### About this task
What you give must be the lines from the one containing "2002 Students, Concert" through the last line of the listing below, exactly, with nothing else and no pictures.

### Recorded information
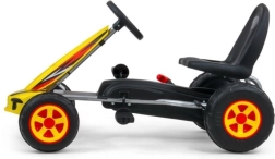 Tänu sõidule edasi ja tagasi pedaalidega, käsipidurile ja vahukummist ratastele värviliste velgedega on sõit sujuv ja mugav ka ebatasasel pinnal. Kaheastmeline istme kauguse reguleerimine roolist tagab õige asendi ja mugavuse eri kasvuga lastele.
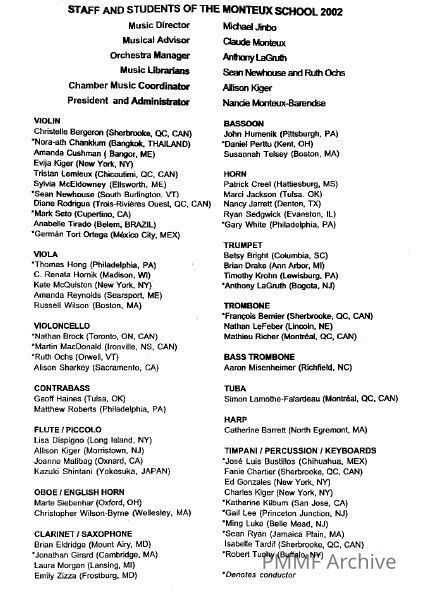 2002 Students, Concert Programs & Conductor BiographiesTags
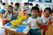 昼食の時間です。お友達と食べると自然と箸も進みます。

### Solution to this problem
 2002 Students, Concert Programs & Conductor BiographiesTags
 昼食の時間です。お友達と食べると自然と箸も進みます。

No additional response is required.